▶ **Work item**
Please set down, unchanged, each line from the one with "- DiNardo, C.D.;" to the final line of the data below, both included. Drop the pictures.

*** Opening Dataset content ***

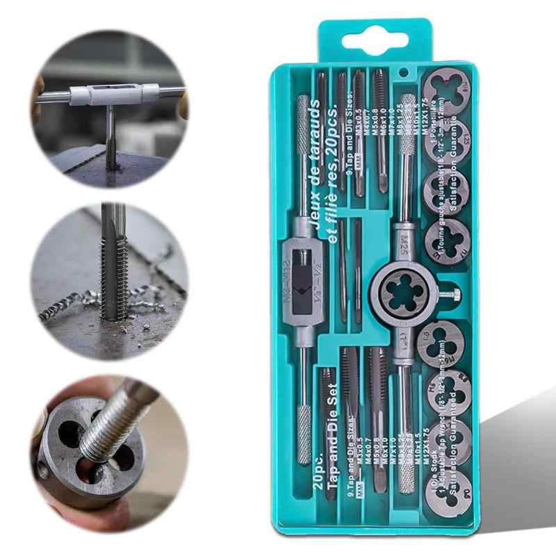 aninako タップダイスセット 20点セット ネジ切り ネジ穴 ネジ山修正キット ボルト ナット 補正 修復 高硬度 タップ レンチ 調整可能 各種サイズのネジ山に対応
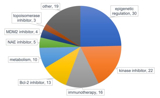 - DiNardo, C.D.; Pratz, K.W.; Letai, A.; Jonas, B.A.; Wei, A.H.; Thirman, M.; Arellano, M.; Frattini, M.G.; Kantarjian, H.; Popovic, R.; et al. Safety and preliminary efficacy of venetoclax with decitabine or azacitidine in elderly patients with previously untreated acute myeloid leukaemia: A non-randomised, open-label, phase 1b study. Lancet Oncol. 2018, 19, 216–228. [Google Scholar] [CrossRef]
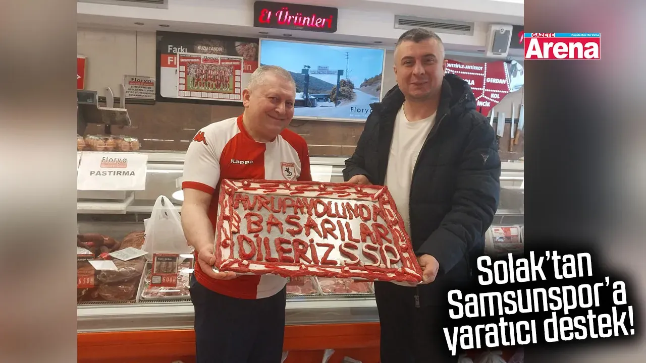 Reeder Samsun’un İlkadım İlçesindeki Florya Et Ürünleri dükkanında kasaplık yapan Mustafa Solak, Samsunspor’a olan sevgisini her fırsatta etle yaptığı çalışmalarla gözler önüne seriyor. Solak, bu kez de et kullanarak ‘Avrupa Yolunda Başarılar Dileriz’ yazdı. Bu yaratıcı destek, taraftarlar arasında büyük takdir topladı. Samsunspor'un bu tür desteklerle daha da güçlenmesi bekleniyor.

*** Closing Dataset content ***

▶ **Output for this task**
 - DiNardo, C.D.; Pratz, K.W.; Letai, A.; Jonas, B.A.; Wei, A.H.; Thirman, M.; Arellano, M.; Frattini, M.G.; Kantarjian, H.; Popovic, R.; et al. Safety and preliminary efficacy of venetoclax with decitabine or azacitidine in elderly patients with previously untreated acute myeloid leukaemia: A non-randomised, open-label, phase 1b study. Lancet Oncol. 2018, 19, 216–228. [Google Scholar] [CrossRef]
 Reeder Samsun’un İlkadım İlçesindeki Florya Et Ürünleri dükkanında kasaplık yapan Mustafa Solak, Samsunspor’a olan sevgisini her fırsatta etle yaptığı çalışmalarla gözler önüne seriyor. Solak, bu kez de et kullanarak ‘Avrupa Yolunda Başarılar Dileriz’ yazdı. Bu yaratıcı destek, taraftarlar arasında büyük takdir topladı. Samsunspor'un bu tür desteklerle daha da güçlenmesi bekleniyor.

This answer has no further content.